Dangerous, you bet it is, during it's heyday humans, through the cheap energy it provided were able to bring themselves out of poverty and ill health into prosperity and good health. We can't have that because to the greens the problem isn't the environment it's humans.
The Green's attitude to the poor - I'm on the bus, ding the bell.
Pointman
Twenty five years ago while on a short Safari in Tanzania after hiking up Kilimanjaro, I visited a Masai village. I noticed that many of the people there had eyes that looked reddish or bloodshot and when I was shown into one of their dwellings I was not surprised. They were full of smoke. The level of pollution indoors was obviously very high. No doubt it would have been better if they had placed their cooking fires outside but although it was near the equator it could get quite cold in the evenings and early mornings at that altitude.
I hope things have improved for the Masai in the past 25 years. Does Rachel Kyte share that hope, I wonder?

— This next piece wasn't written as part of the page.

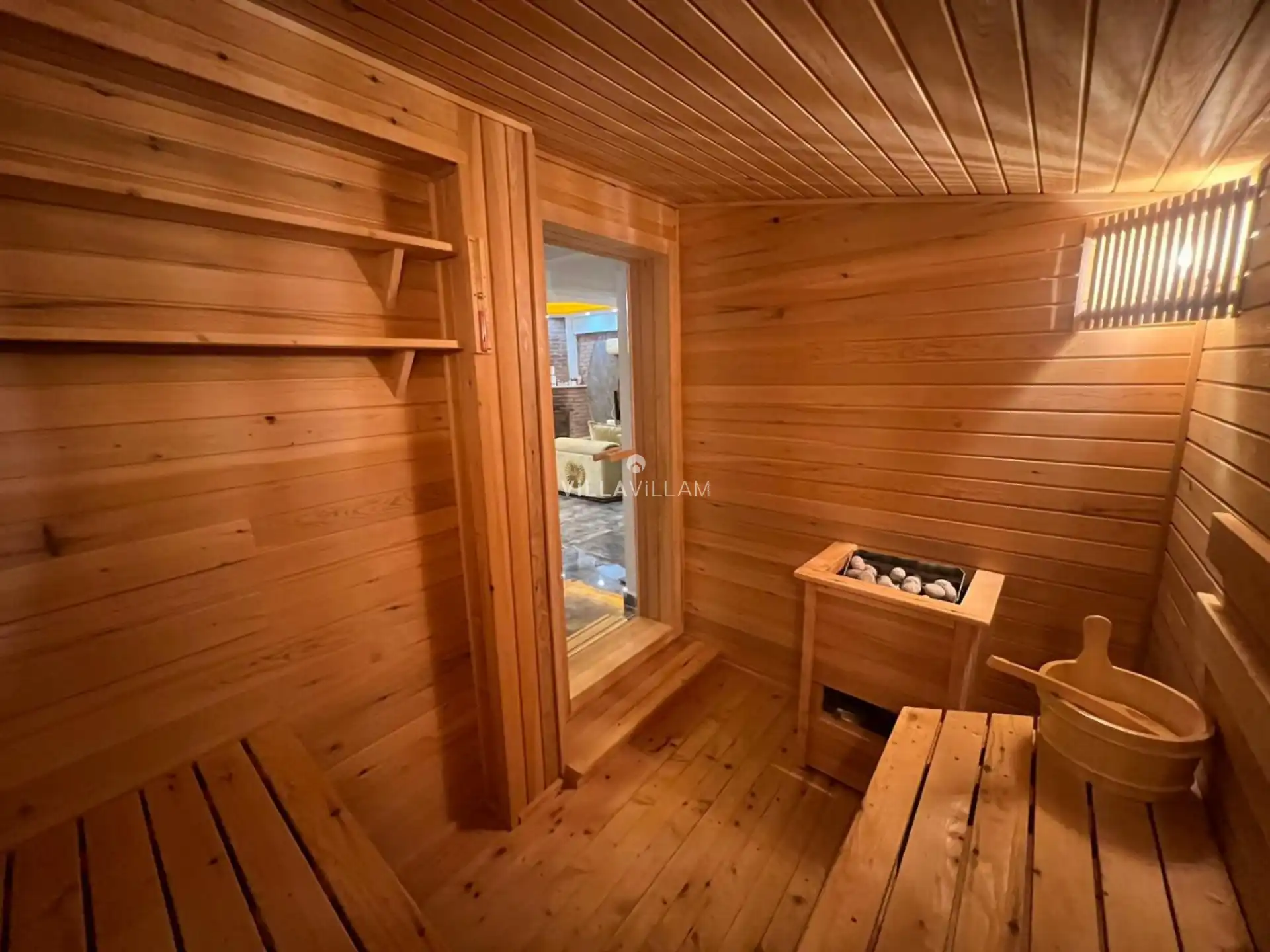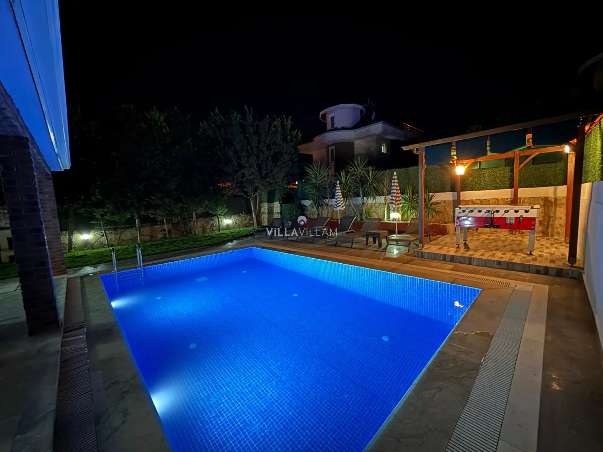Doğa manzarasına karşı, güneşlenip yüzebileceğiniz havuz terasında şezlong takımı, oturma grubu, langırt, salıncak ve barbekü alanı yer alırken, iç mekanda; havuz terasına açılan konforlu oturma odası ve tam donanımlı açık mutfağı,birinci yatak odasında çift kişilik yatak ve ebeveyn banyosu; ikinci yatak odasında çift kişilik yatak ve ebeveyn banyosu; üçüncü yatak odasında iki tek kişilik yatak, ebeveyn banyosu bulunmaktadır.
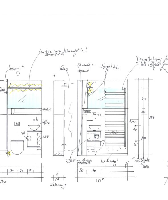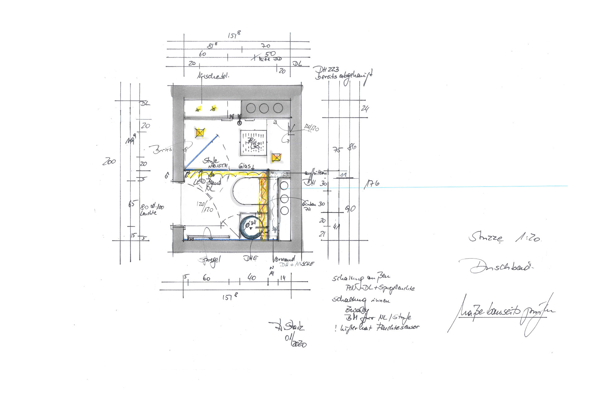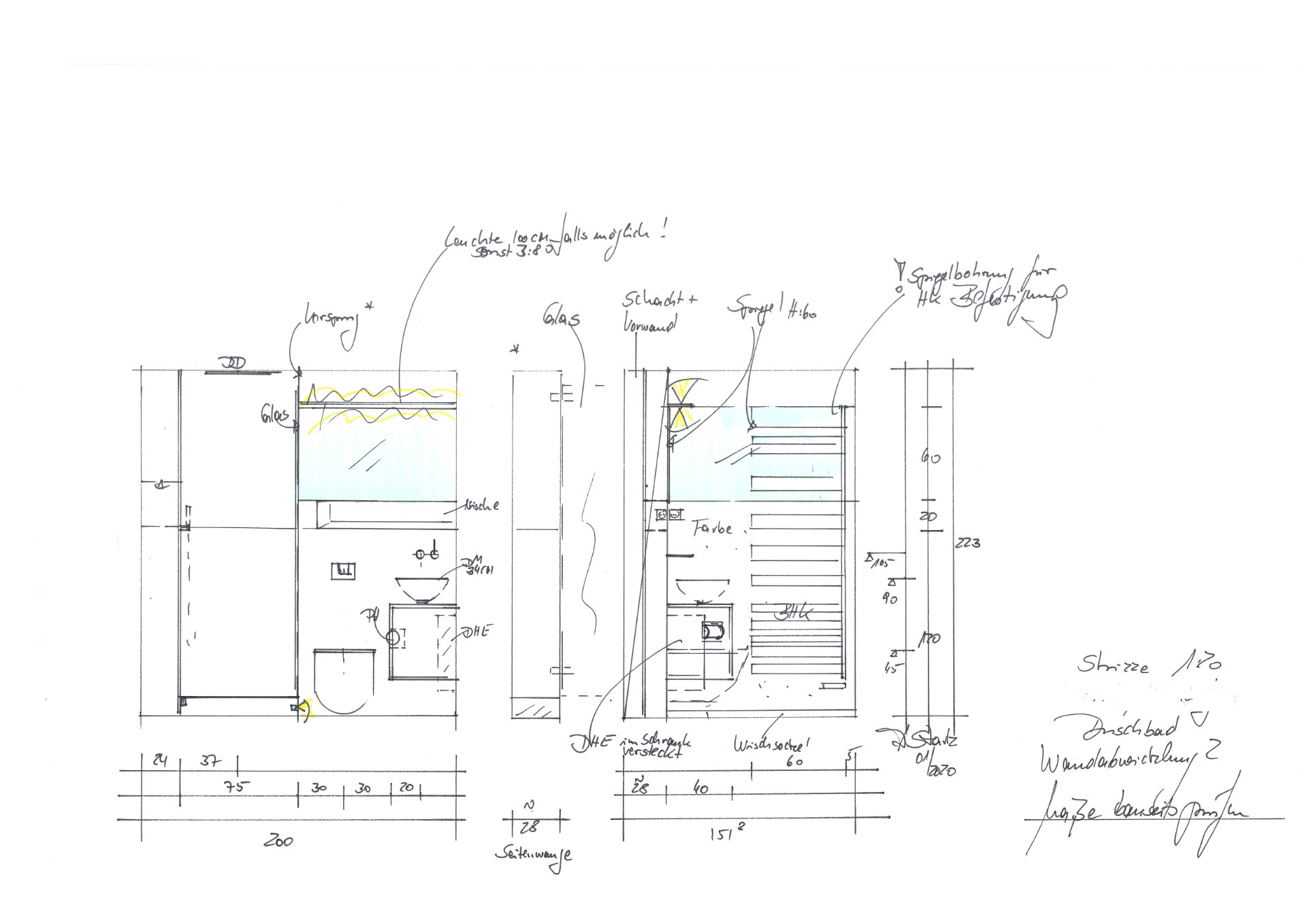 Das Gäste-WC hingegen, das im täglichen Leben des Eigentümers eine untergeordnete Rolle spielt, ist eigentlich recht großzügig geschnitten. Um eine Lösung zu finden, die dem heutigen Standard und den gehobenen Ansprüchen des Bauherrn genügen kann, werden beide Räume unter die Lupe genommen und eine neue Idee entsteht.

The arrogance of the greens, the World Bank and most politicians in the developed world on this issue is staggering. It is no problem for India and China to greatly expand their coal burning; we in Europe can continue to burn coal (witness Germany which is building 19 new coal power stations) but the poor Africans must never be allowed to burn coal, benefit from reliable cheap energy and develop their economies and leave poverty behind. This is a despicable and arguably racist policy.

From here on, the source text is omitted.